◆ AIM OF THE TASK:
In the material below, please retype the lines from the very first through the one with "Suchen Sie eine", exactly and without pictures.

◆ AVAILABLE DATA:
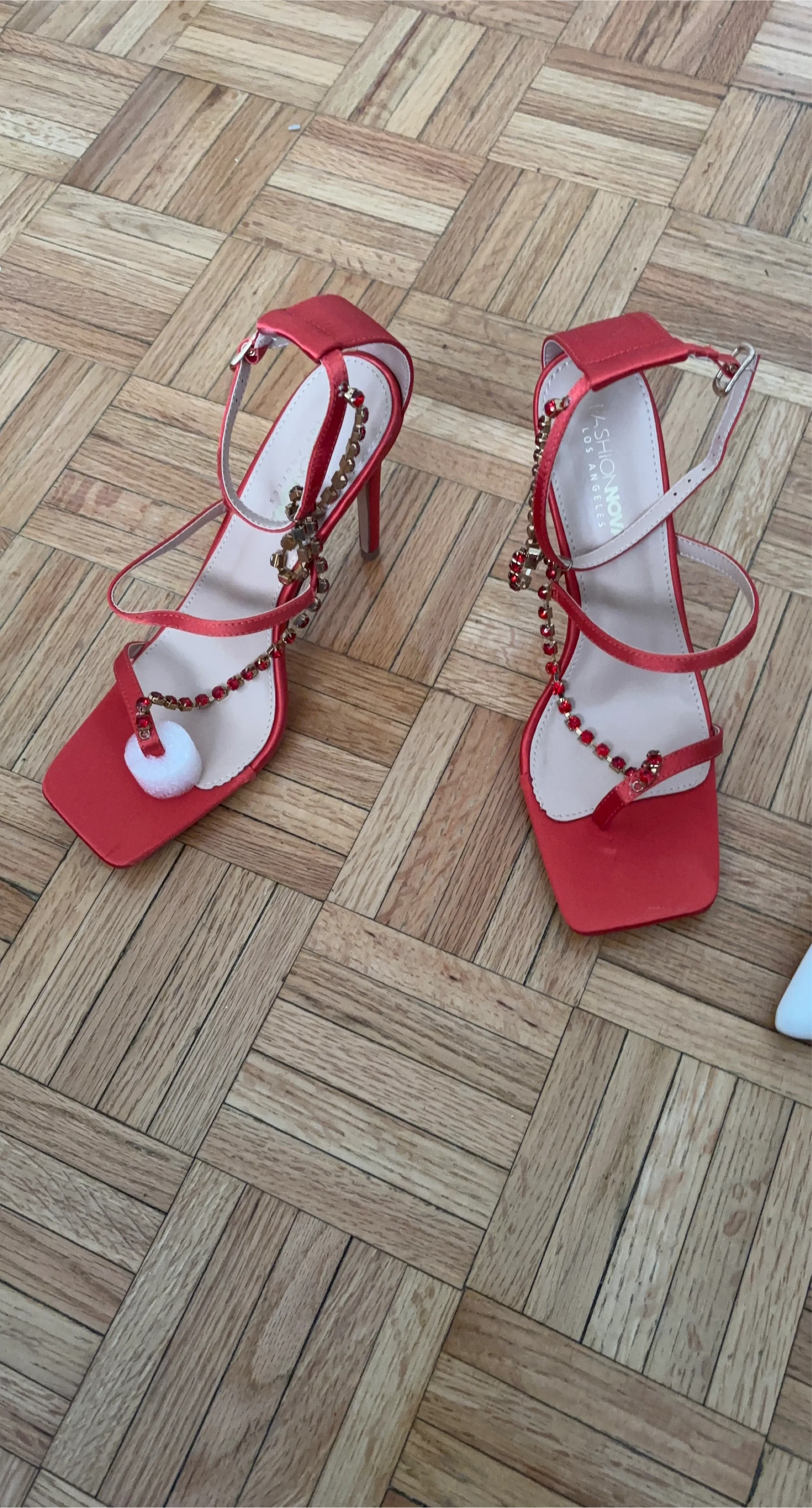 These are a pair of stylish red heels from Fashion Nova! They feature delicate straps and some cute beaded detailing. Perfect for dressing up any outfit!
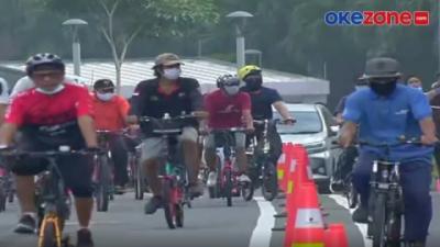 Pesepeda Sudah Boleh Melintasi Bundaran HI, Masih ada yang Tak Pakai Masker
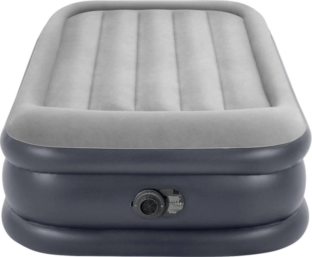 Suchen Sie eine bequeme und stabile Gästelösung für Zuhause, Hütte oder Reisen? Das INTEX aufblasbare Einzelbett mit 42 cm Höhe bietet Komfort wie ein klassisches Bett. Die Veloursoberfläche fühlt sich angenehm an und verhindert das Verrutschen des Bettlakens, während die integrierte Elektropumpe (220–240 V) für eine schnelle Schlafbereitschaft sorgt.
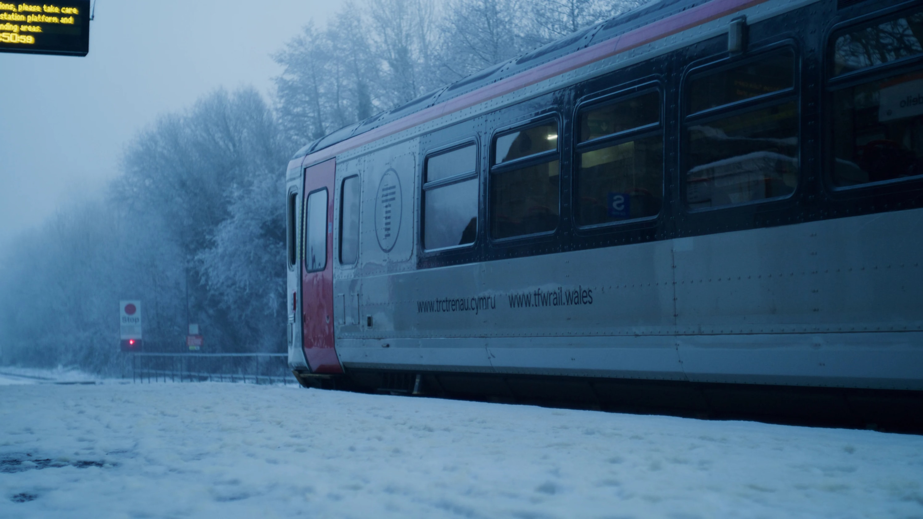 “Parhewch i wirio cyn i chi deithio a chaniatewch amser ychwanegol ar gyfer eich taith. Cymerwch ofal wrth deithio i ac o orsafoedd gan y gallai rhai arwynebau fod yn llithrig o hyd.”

◆ RESULT OF THE TASK:
 These are a pair of stylish red heels from Fashion Nova! They feature delicate straps and some cute beaded detailing. Perfect for dressing up any outfit!
 Pesepeda Sudah Boleh Melintasi Bundaran HI, Masih ada yang Tak Pakai Masker
 Suchen Sie eine bequeme und stabile Gästelösung für Zuhause, Hütte oder Reisen? Das INTEX aufblasbare Einzelbett mit 42 cm Höhe bietet Komfort wie ein klassisches Bett. Die Veloursoberfläche fühlt sich angenehm an und verhindert das Verrutschen des Bettlakens, während die integrierte Elektropumpe (220–240 V) für eine schnelle Schlafbereitschaft sorgt.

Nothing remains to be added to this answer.